A small vertebral cross-sectional area (CSA) imparts a mechanical disadvantage that escalates the risk for vertebral fractures in elderly populations. We examined whether a small vertebral CSA is also associated with a greater degree of vertebral wedging in children. Measurements of vertebral CSA, lumbar lordosis (LL) or thoracic scoliosis angle, and vertebral wedging were obtained in 100 healthy adolescents (50 boys and 50 girls) and 25 girls with adolescent idiopathic scoliosis (AIS) using magnetic resonance imaging. Vertebral CSA of the lumbar vertebrae negatively correlated to the degree of posteroanterior vertebral wedging at L5 (r = -0.49; p < 0.0001); this was true whether all subjects were analyzed together or boys and girls independently. In contrast, we found a positive correlation between the degree of LL and vertebral wedging (r = 0.57; p < 0.0001). Multiple regression analysis showed that the association between vertebral CSA and wedging was independent of age and body mass index. In girls with AIS, vertebral CSA negatively correlated to the degree of lateral thoracic vertebral wedging (r = -0.66; p = 0.0004), an association that persisted even after accounting for age and body mass index. Additionally, Cobb angle positively correlated to lateral thoracic vertebral wedging (r = 0.46; p = 0.021). Our cross-sectional results support the hypothesis that smaller vertebral CSA is associated with greater vertebral deformity during growth, as in adulthood. © 2017 American Society for Bone and Mineral Research.

Contribution of the vertebral posterior elements in anterior-posterior DXA spine scans in young subjects.

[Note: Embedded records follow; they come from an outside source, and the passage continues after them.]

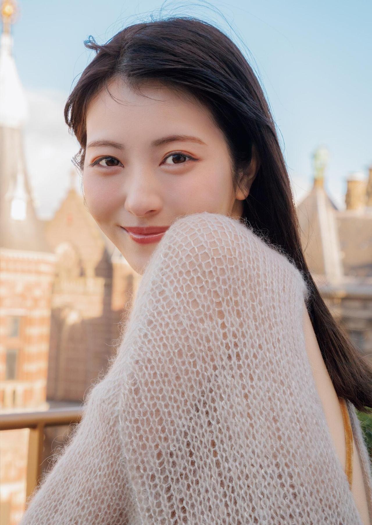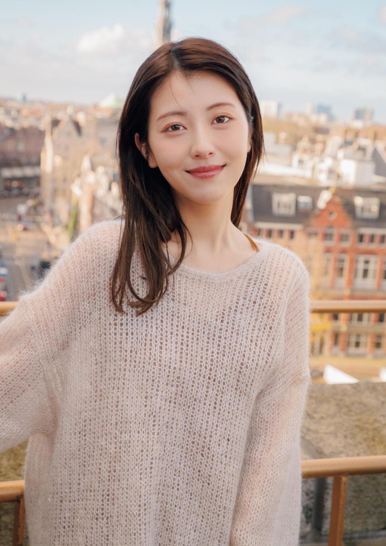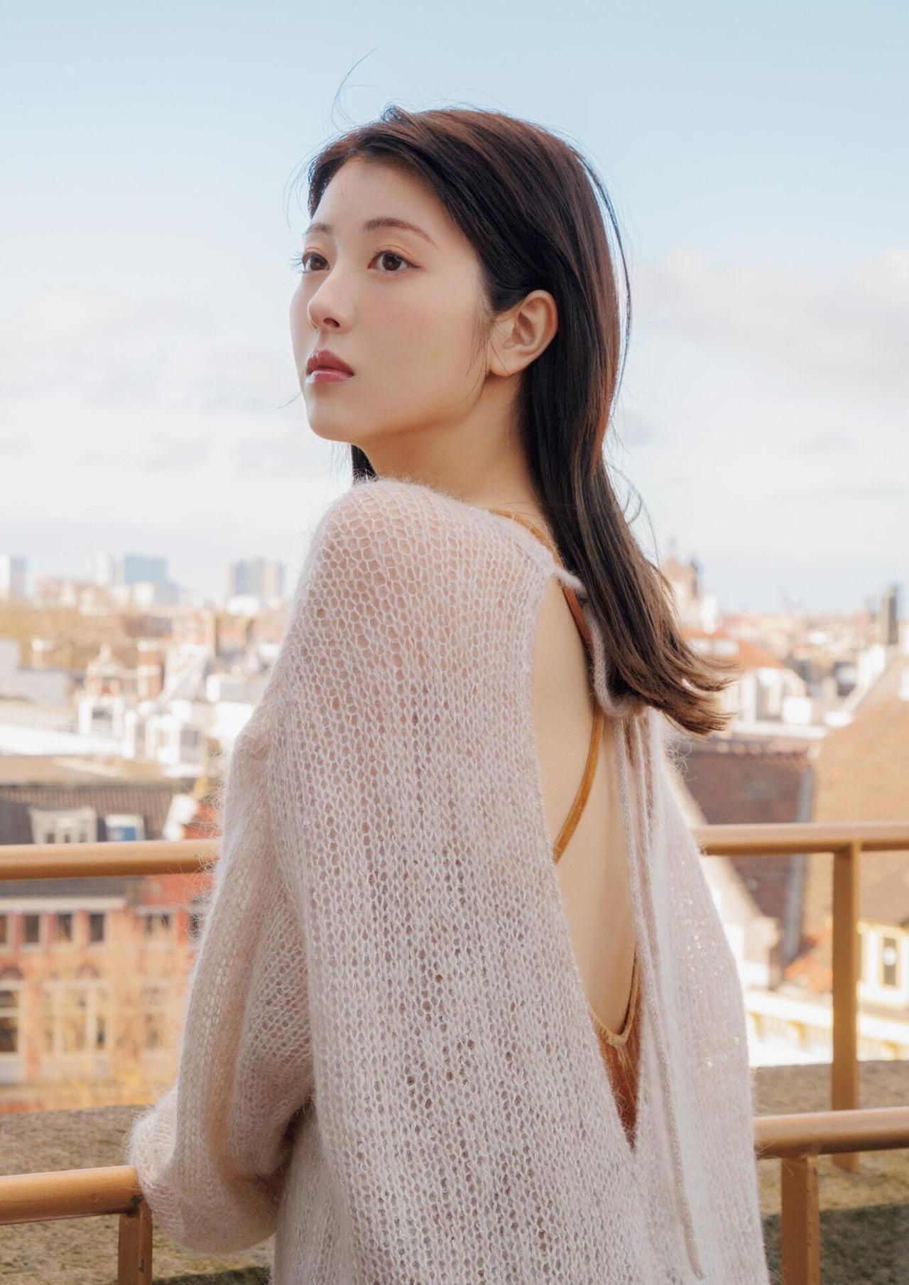 城市天际线下的温柔侧颜,轻纱飘逸,静谧如诗。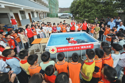 在桂林市永福县罗锦小学,桂林医科大学的志愿者通过场景模拟、演练实操等形式,为小学师生带来了一堂生动而深刻的青少年防溺水生命教育课。该项目已在溺水高发、频发地区的中小学、社区、村屯开展560余场次,8万余名青少年从中获益。2024年,“模拟池塘——场景式青少年防溺水生命教育项目”,荣获首届全国红十字志愿服务项目大赛金奖、第七届中国青年志愿服务项目大赛金奖。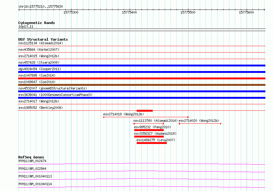 Variant DetailsVariant: essv6724946| Internal ID | 9789248 | | Landmark | | | Location Information | | | Cytoband | 16p13.11 | | Allele length | | Assembly | Allele length | | hg38 | 421 | | hg19 | 421 |
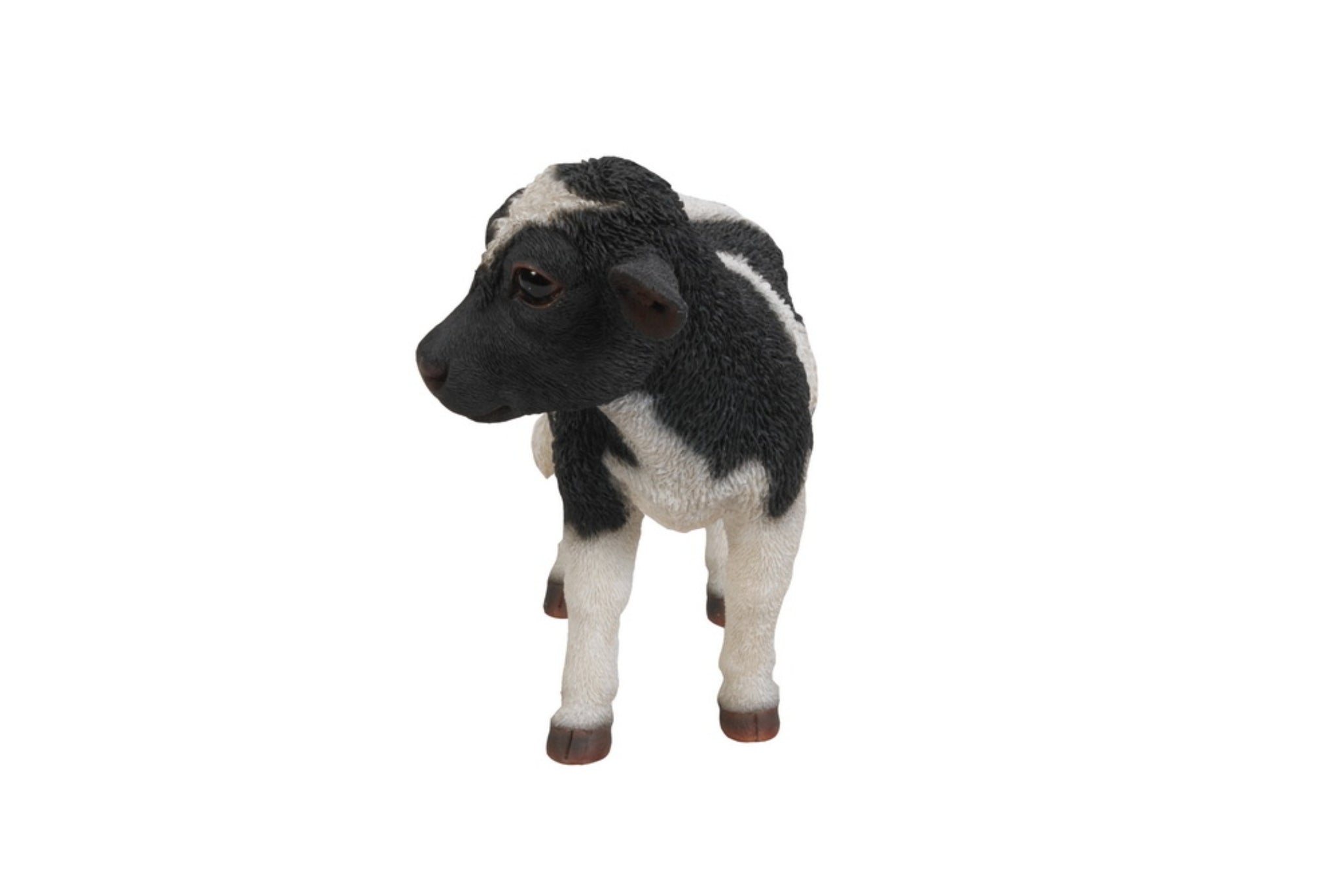 Black and white standing cow is a great addtion to your garden or farm animal collection. Made with polyresin, this figurine is great for both indoors and outdoors. Makes a great gift for farm animal lovers.

Because DXA is a projection technique, anterior-posterior (AP) measurements of the spine include the posterior elements and the vertebral body. This may be a disadvantage because the posterior elements likely contribute little to vertebral fracture resistance. This study used QCT to quantify the impact of the posterior elements in DXA AP spine measures. We examined 574 subjects (294 females and 280 males), age 6-25 yr, with DXA and QCT. QCT measures were calculated for the cancellous bone region and for the vertebral body including and excluding the posterior elements. DXA data were analyzed for the entire L(3) vertebra and for a 10-mm slice corresponding to the QCT scan region. BMC and BMD were determined and compared using Pearson's correlation. The posterior elements accounted for 51.4 +/- 4.2% of the total BMC, with a significant difference between males (49.9 +/- 4.0%) and females (52.8 +/- 3.9%, p < 0.001). This percentage increased with age in younger subjects of both sexes (p < 0.001) but was relatively consistent after age 17 for males and 16 for females (p > 0.10). DXA areal BMD and QCT volumetric BMD correlated strongly for the whole vertebra including the posterior elements (R = 0.83), with BMC measures showing a stronger relationship (R = 0.93). Relationships were weaker when excluding the posterior elements. We conclude that DXA BMC provides a measure of bone that is most consistent with QCT and that the contribution of the posterior elements is consistent in young subjects after sexual maturity.